Concluderà la serata un omaggio musicale alla memoria della Shoah del violoncellista Vladimir Zubinski.

Un’altra buona occasione per non dimenticare.

La rassegna di incontri La strada per Pesaro. Pesaresi d’adozione, ideata e diretta da Lucia Ferrati, è dedicata ai “forestieri” di ieri e di oggi: donne e uomini “venuti da fuori” e che per scelta o per destino, per breve o lungo tempo, sono diventati cittadini di Pesaro.  Intellettuali, poeti e scrittori come Bernardo e Torquato Tasso, Giovan Battista Passeri, Giuseppe Picciola, Clarice Tartufari, Dino Garrone, Nino Pedretti, Enzio Cetrangolo, Roberto Dionigi, attori come Annibale e Ave Ninchi, partigiani come Lea e Sparta Trivella, politici come Ernesto Nathan e Marcello Stefanini, nobili e nobildonne come Lucrezia Borgia, Giulio Perticari e Costanza Monti, musicisti come Carlo Pedrotti, Pietro Mascagni, Riccardo Zandonai, Amilcare Zanella, Mario Del Monaco e Luciano Pavarotti, regnanti come Carolina di Brunswick, artisti come i pittori di Villa Imperiale (Raffaellino del Colle, Dosso e Battista Dossi, Agnolo Bronzino, Francesco Menzocchi), o quelli convenuti alla scuola di Giannandrea Lazzarini, e ancora Federico Barocci, Nino Caffè e lo scultore Loreno Sguanci, tipografi come Annesio Nobili, botanici e naturalisti come Aldo J. B. Brilli-Cattarini, sportivi come Riccardo Brusi, religiosi come Giuseppe Bocci, Gianfranco Chiti o Serafina Sforza, testimoni della deportazione nazista come Irene Kriwcenko, ceramisti come Filippo Antonio Calegari, architetti come Filippo Terzi e Luciano Laurana, medici come Cesare Lombroso, per citarne solo alcuni.
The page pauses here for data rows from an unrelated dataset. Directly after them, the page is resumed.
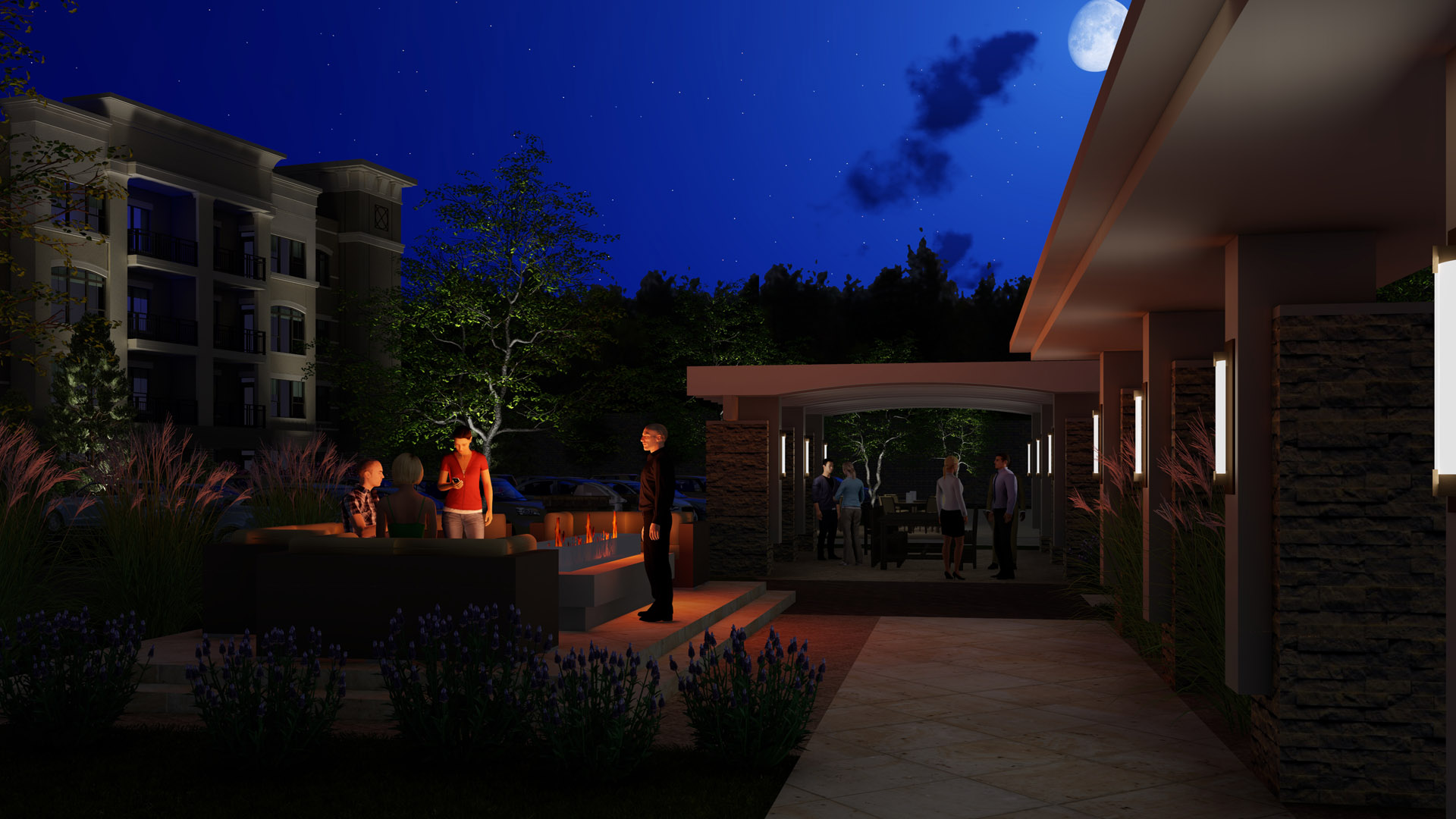 The modern clubhouse centralizes the development and offers unique pool views, cut into the hillside for an optimal lounge location. Additionally, clubhouse amenities include a movie theater and a dog-wash room. An abundance of outdoor common areas creates a unique residence, featuring a swimming pool with a firepit lounge, terraced patios with fire pits, outdoor kitchens, and intimate seating areas for a refreshing experience.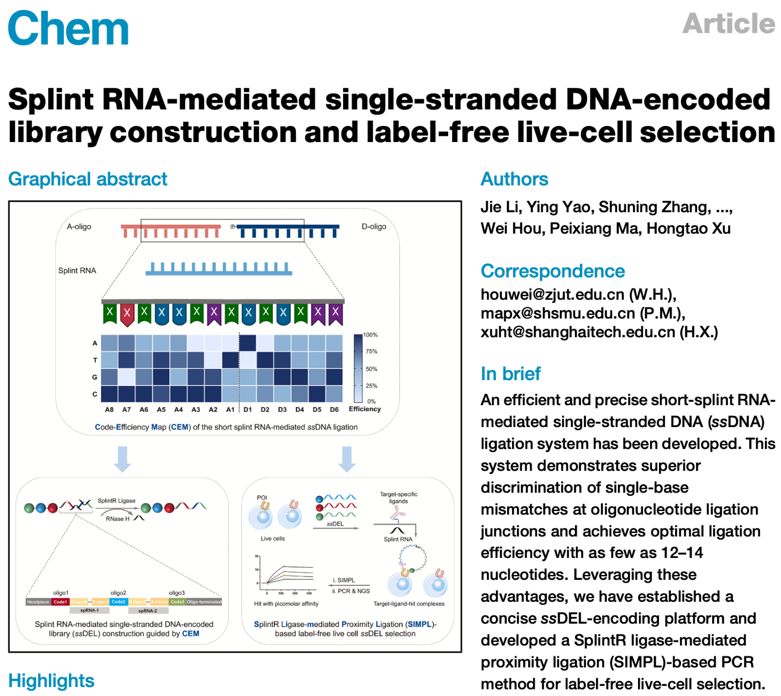 近日,上海科技大学免疫化学研究所许红涛/上海交通大学医学院附属第九人民医院马培翔/浙江工业大学侯卫合作在Cell姊妹期刊Chem上发表了题为“Splint RNA-mediated single-stranded DNA-encoded library construction and label-free live-cell selection ”的研究,报道了一种夹板RNA介导单链DNA编码化合物库(ssDEL)编码方法和活细胞无标记筛选系统。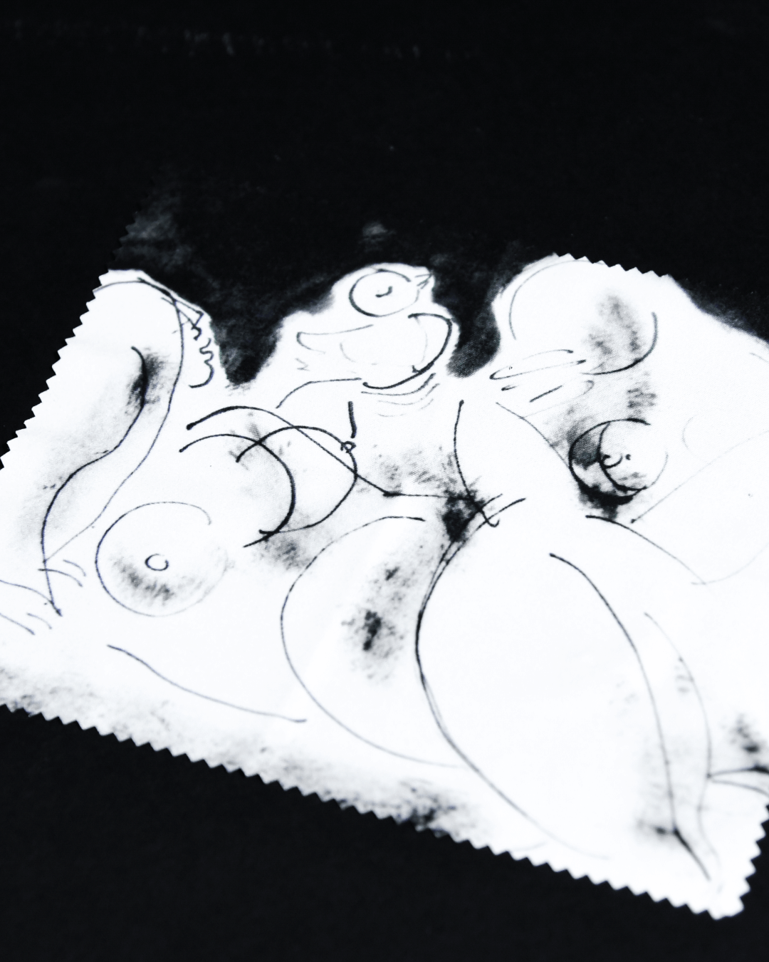 Микрофибер крпица за чишћење и брисање стакала са репродукцијом дела „Два акта са птицом“ Милоша Бајића, Датирано у 1974. годину, из ликовне колекције Народног музеја у Смедеревској Паланци. Дизајнирано и произведено у Србији.

Ma anche giornalisti, prefetti e questori e i tanti maestri e professori che hanno cresciuto intere generazioni di pesaresi.
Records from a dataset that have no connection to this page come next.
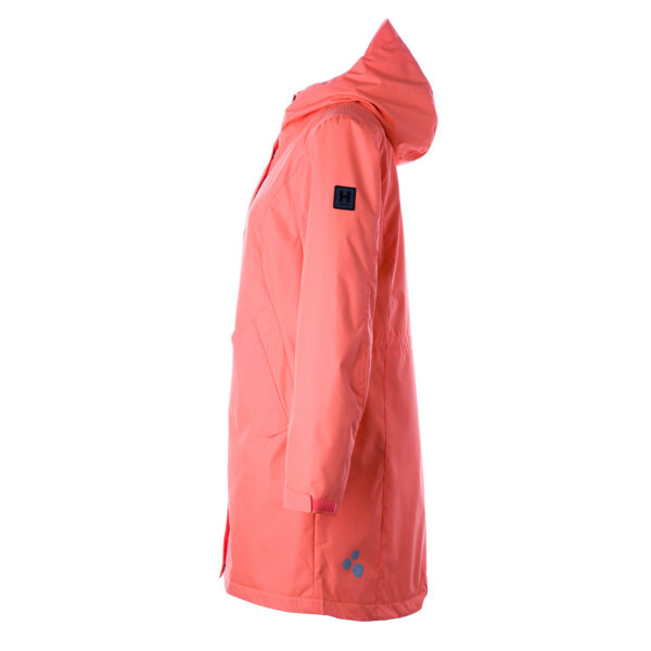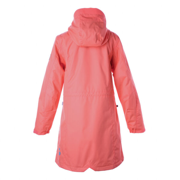 Insulated (40 g) water- and windproof parka for girls, suitable for spring and autumn. The top layer of the parka is made of a breathable material. It has an adjustable hood and sleeve ends, as well as an adjustable waist with stoppers. It has waterproof, taped seams and is decorated with reflective details.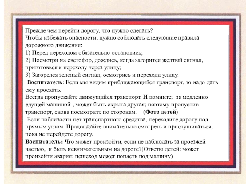 Воспитатель: Что может произойти, если не наблюдать за проезжей частью, и быть невнимательным на дороге?(Ответы детей: может произойти авария: пешеход может попасть под машину)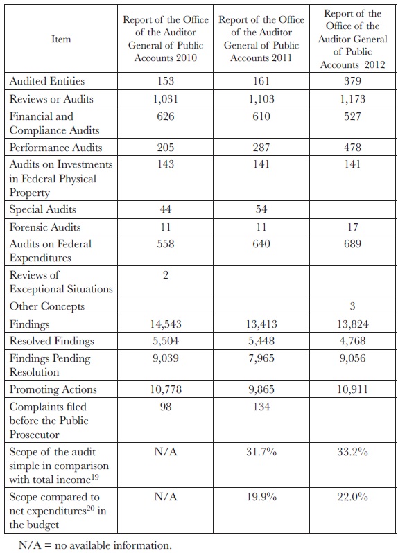 As seen, there is an oversight body with the authority to audit revenues and expenditures; the handling, custody and use of funds and resources by the three branches of power and federal public entities; and the compliance of the objectives set forth in federal programs, among its many functions associated with proper administrative management.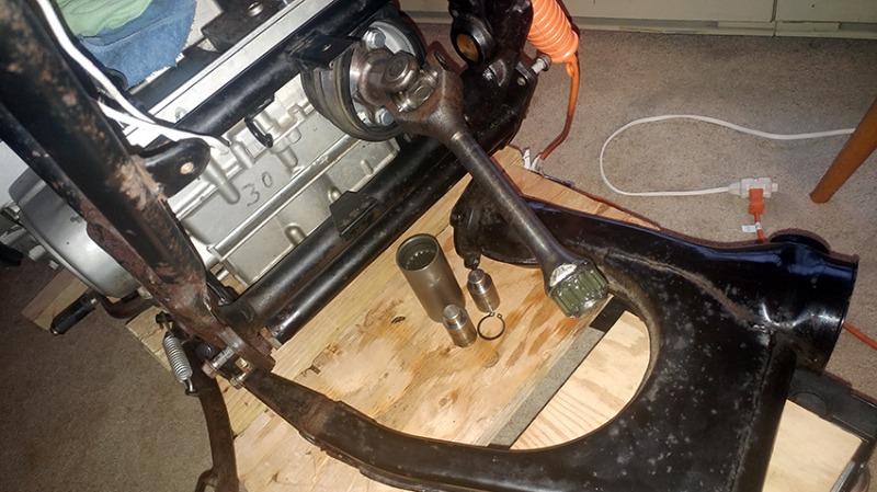 8 years 2 months agoThe other side was harder at the beginning. The swing arm was loose and there was more space to play. It was safe at this stage to hammer the pivot inside the frame. Once I saw it coming out towards the center of the bike, I applied more Kroil, applied pressure from the bolt/washer and tapped it from the inside using a long steel rod I purchased from Home Depot. The pivot came out after a couple back and forth and slid out easily.

Personalità complesse e carismatiche che hanno lasciato una forte impronta del loro pensiero e della loro opera. E una visione nuova, affascinante e inedita della nostra città.

Letture, materiali iconografici, interventi critici, testimonianze, mostre, spettacoli e performance, contribuiranno, in ogni appuntamento, a raccontare le loro storie.

Con il patrocinio di Provincia di Pesaro e Urbino, Comune di Pesaro (Presidenza del Consiglio, Assessorati alla Bellezza e alla Crescita), Ufficio Scolastico Regionale per le Marche (Ufficio VI – Ambito territoriale della Provincia di Pesaro Urbino) e Fondazione Cassa di Risparmio di Pesaro

L’incontro è ad ingresso gratuito fino ad esaurimento posti.